Rebecca Trachsel has been at the helm for the lionshare of the girls XC domination at Lex, and her teams always seem to be in the mix. That being said, so do Hagen’s, as Billerica never seems to be very far from the podium. Consider this stat, since those NS/LS battles in 2009, there have been 15 D1 state championship meets. These are the schools with the most top 10 finishes:

1) Lexington 10

2) Weymouth 9

             2) Needham 9

             4) Billerica 8

             4) Wellesley 8

6) Concord-Carlisle 7

6) Newton North 7

6) Lowell 7

9) Lincoln-Sudbury 6

9) Oliver Ames 6

Hey, look at that team at #2, how’d those guys get in there!?! But seriously, I’d hate to be a team with a good young core coming up in the next two years and have to contend with Lexington and Billerica (oh man!). They’re both young, deep, talented, have an unbelievable feeder system, and are extremely well-coached. Hagen and Trachsel will both soon be MSTCA Hall of Famers because they are steady hands who get their athletes ready to take a November leap each year. Neither team is ranked in the top 5 in the Northeast region, and yet both could make it to Portland. The teams ranked ahead of them came out like gangbusters in the late summer, while Lexington and Billerica played the long game, and are just now moving into their peaks.

So, I hinted towards this question at the beginning of the article, and will do my best to answer it: “are Lexington and Billerica the two best teams of all time?”. The answer is, sort of, no. Well, actually, it’s not yet.
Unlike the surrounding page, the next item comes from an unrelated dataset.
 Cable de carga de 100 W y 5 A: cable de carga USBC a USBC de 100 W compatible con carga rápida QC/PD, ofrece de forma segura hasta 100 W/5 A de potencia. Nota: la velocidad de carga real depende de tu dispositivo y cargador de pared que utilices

It’s so difficult to compare courses, and although I think Franklin Park and Devens are quite similar on time, I’d estimate FP is maybe 10 seconds faster than Willard. Both have difficult hills at similar places in the race, Bear Cage coming at a midpoint that makes it death-defying, and “The Slide” (we have to name that thing) is so steep going up and down it wrecks the rhythm of the race heading into the final mile. I give Franklin the time edge just because of the nature of the trails. FP is mostly hard packed dirt and on a fast day can zoom. Willard is grass, and fairly uneven, so it’s hard to gain momentum, even on flat sections.
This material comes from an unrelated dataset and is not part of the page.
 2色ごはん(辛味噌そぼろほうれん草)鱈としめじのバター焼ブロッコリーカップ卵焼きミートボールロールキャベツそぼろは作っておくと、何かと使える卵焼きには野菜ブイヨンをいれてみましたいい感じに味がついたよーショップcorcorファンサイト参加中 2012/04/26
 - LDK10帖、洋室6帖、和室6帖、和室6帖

So given all of this, I would say Lexington probably is the greatest team ever right now, but to truly unseat the NS-LS juggernaut of 2008, it takes two, and Billerica is just a shade off the 2008 dynamos. If McGowan were healthy all season, they almost surely would have been closer to Lexington yesterday, and likely would have beaten them, but those “if”’s are always present. With virtually all of the key players returning, we should be in for a real treat for at least next year, if not well into the future. Apologies to Brookline, BLA, Parker Charter, and Greater Lowell, but that’s what my eyes were fixated on.